A choreographer who had made 75 to 80 works for companies around the world, including the Royal Winnipeg Ballet and the American Ballet Theater Studio Company, Berkey was brought to the UA last fall to bolster its modern dance program. He was last in the studio just four days before his death, putting the finishing touches on the two works that will book-end the concert.

His "Blind Date," a comic trio, will open the show, and a brand-new solo, "Unicorn," danced by Andrea Day as her senior project, will close it.

"No matter how weak and sick he felt, he pushed himself to come in," Hancock said. "But at the end, he trusted that the work was ready and allowed himself to let go."

The nine dances in the show, Three's a Crowd--composed by the UA faculty and danced by their students--range across the disciplines of modern, ballet and jazz. In solos, duets, trios, a sextet and a big group piece, dancers will portray everything from an excitable punctuation mark to hell come to life. The stagecraft will include deliberately collapsing walls and skirts flying around on wires.

A highlight will be a reconstruction of a solo by the late choreographer Bella Lewitzky danced to two live flutes.

"I danced with Bella Lewitzky Dance Company for 10 years, right out of undergrad," Amy Ernst, the division's other modern professor, said last week.

Lewitzky formed her eponymous troupe after years of dancing with the influential Lester Horton. Like Horton before her, Lewitzky was a relatively rare voice for modern dance on the West Coast, and for nearly 30 years through her company she proselytized for energetic pure-form dance. So when the venerable Lewitzky died this summer at the age of 88, Ernst decided to reconstruct "Recesses," a virtuoso solo she had danced for Lewitzky for two years.

"I thought it would be a good way to memorialize her," Ernst said.

The Lewitzky work, danced to two live flutes, will be a highlight of Three's a Crowd.

The 1978 Lewitzky dance was originally one piece of a larger work of three solos, Ernst said, each of them "a gift from Bella to the three dancers who had been with her the longest."

"Recesses" was set on dancer Iris Pell (Ernst took it over after Pell retired), and the first part of the six-minute work is "quite dramatic. It's how Bella saw Iris as a personality, her struggles, her finding her identity." The second part shifts into "virtuosic modern-dance technique. It showcases what a phenomenal technician she was. Bella took bits and pieces of repertoire, everything Iris had done to that point, and combined them into one piece."

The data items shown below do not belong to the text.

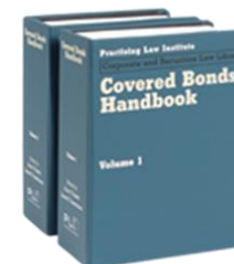
PLI's Covered Bonds Handbook (2014)
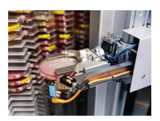
The compressed air performs a wide range of tasks in the large laboratory. Here with automatic handling of the Petri dishes...

9-Tower-T packages were procured, two of which always operate at the same time and whose interaction is monitored and controlled by a SIGMA AIR MANAGER 4.0 master controller, while the 3rd i.Comp-9-Tower-T provides redundancy. Furthermore, the compressors operate alternately so they all have the same operating hours. meaning maintenance work can be planned for the same time and be performed in one go. To be on the safe side with regard to the power supply, the compressors are connected to two separate electrical circuits (normal power and emergency power). Therefore, everything has been done from a technical perspective to ensure smooth and uninterrupted sample processing not only for today, but also for the future.
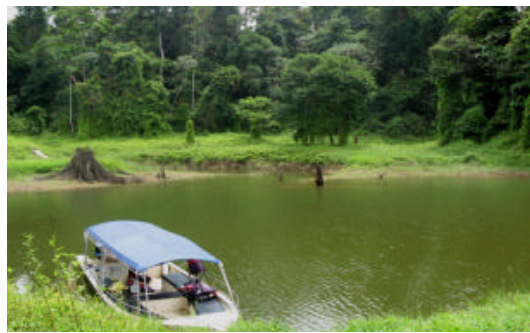
Fig. 4: The second sampling site was at Sungai Cicir about 2 h boat ride from Teluk Bewah
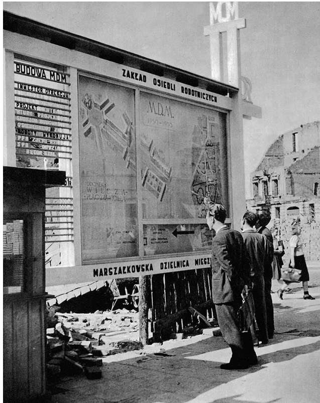
Informational billboard on the Marshalkovska Dzielnica Mieskaniova in Warsaw.
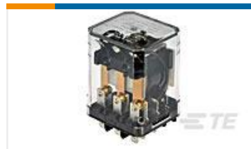
TE Part #6-1393116-2 KUMP-11A18-120=KU
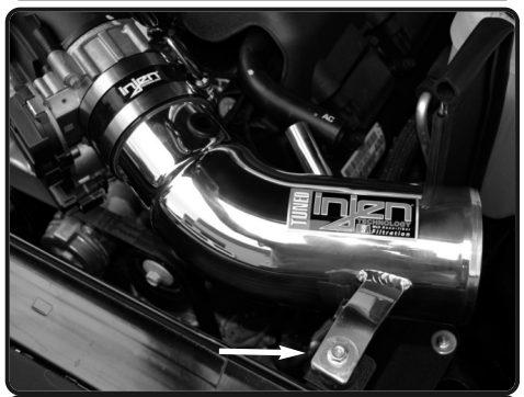
16. Now secure the bracket using provided M6 nut and fender washer.
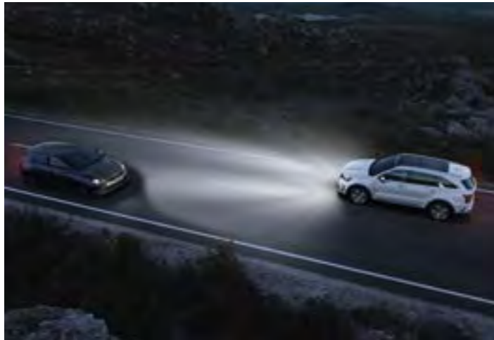
HIGH BEAM ASSIST (HBA)

Whether short or long, it's good to know that on every journey you take, your Kia Sorento is helping to keep you and your passengers safe and secure.
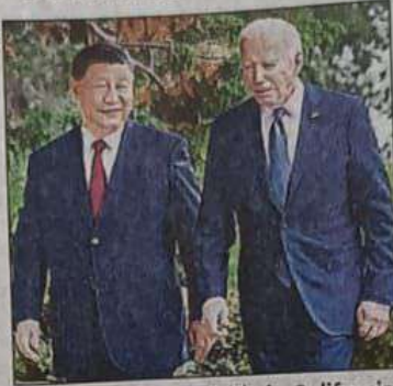
Biden & Xi at Woodside in California

Chinese accounts, the leaders repeated old talking points about Taiwan, even as Xi voiced worries that the coming election on the island could lead to talk of independence — one of the "red lines" that Chinese officials have said could force them to take military action. The leaders agreed to resume military-to-military communications, which China had cut off after Nancy Pelosi visited Taiwan last year, when she was speaker of the House. Such commitments to communicate — for transparency, and to avert collisions and crises — have been made before, and Biden made the case that military channels had to remain open to prevent potential clashes. It is unclear how Xi responded.
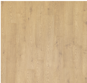
MOUNTAIN LAKE OAK | 05
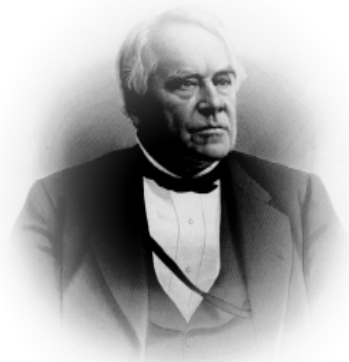
James B. Francis.
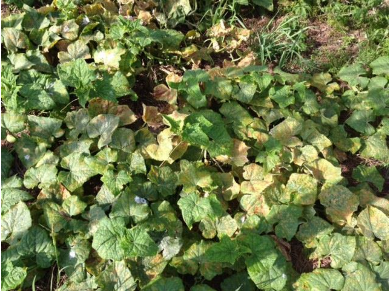
Cucumber plants showing severe downy mildew damage

In Luham, we visited 1 year old tomato crop in tunnels. Plants showed mosaic symptoms, yellowing and slight leaf curl. DADO officers had told farmers to spay cow milk to control viruses. We explained that this practice is not effective and discussed alternative methods for managing virus diseases. Samples collected from all locations were processed and pressed on FTA cards.

The finale includes a "pretty spectacular balance" that ends with the dancer "landing in a hinge flat on the floor. It's challenging, that's for sure."

Students Trisha Kelly and Jacqui Guimond each will dance the solo twice, dividing up the part over the four concerts. The flute music, by Larry Attaway, Lewitzky's longtime music director, will be played by two UA grad students in flute, Ana Laura Gonzalez and Kate Kralik. Attaway used to play one flute live, Ernst said, accompanying himself playing the other flute part on tape.

"This is the first time in the history of the piece it's being done to two live flutes," Ernst enthused.

Acting as a counterpoint to the historic modern Lewitzky solo is a brand-new ballet solo by professor Melissa Lowe. Danced on pointe by senior Nadia Ali, who's using it as her senior project, "Chrysalis" is set to the music of a cello and two guitars by Brazilian composer Sergio Assad. It reflects a "woman's journey of self-discovery," said Michael Williams, assistant head, and the set includes a box that Ali will dance on and around.

Ballet professor Nina Janik also debuts a work, "In the Metal Garden," a sextet that she presented as a trio last summer at the Rimini dance festival in Italy. The newly enlarged version has six women dancing on pointe to contemporary percussion music by Benford and Jones.

James Clouser, a ballet professor who once led the Houston Ballet, reprises "Loveblind." A trio he originally created for the Dayton Ballet to a vocal version of Barber's Adagio for Strings, it draws on Greek mythology. The narrative has Ryan Lawrence dancing Orpheus, Kerri Poff playing Eurydice and Dominic Nicolosi embodying Hades. Clouser has been reconstructing his large group ballet, "Con Spirito," danced by the Houston Ballet in 1973, on the UA students, with plans to present it in the spring show. For Three's a Crowd, he'll extract a fast folkloric duet, "The Furiant," danced by Guimond and Geoff Gonzalez to music by Czech composer Bedrich Smetana.

Sam Watson's crowd-pleasing "Punctuation" has a period, a question mark and an exclamation point furiously dancing out their varied personalities inside a compressed stage, made much smaller than usual by walls shoved to the middle.

"The exclamation mark is high-spirited and dynamic," Williams advised. "Sam is always fun."

The concert closes with Susan Quinn's big jazzy "InLaLo" for five men and 15 women, set to a rendition of Led Zeppelin music. Its title is a word play, coming from a classically oriented fragment played by viol-IN, vio-LA and cel-LO. Quinn premiered the work at the UA last spring.

"It starts out with the women in flowing skirts, and elements of classical movement with jazz punctuation," Williams said. "But then they take the skirts off, the skirts fly off on wires and it gets really wild."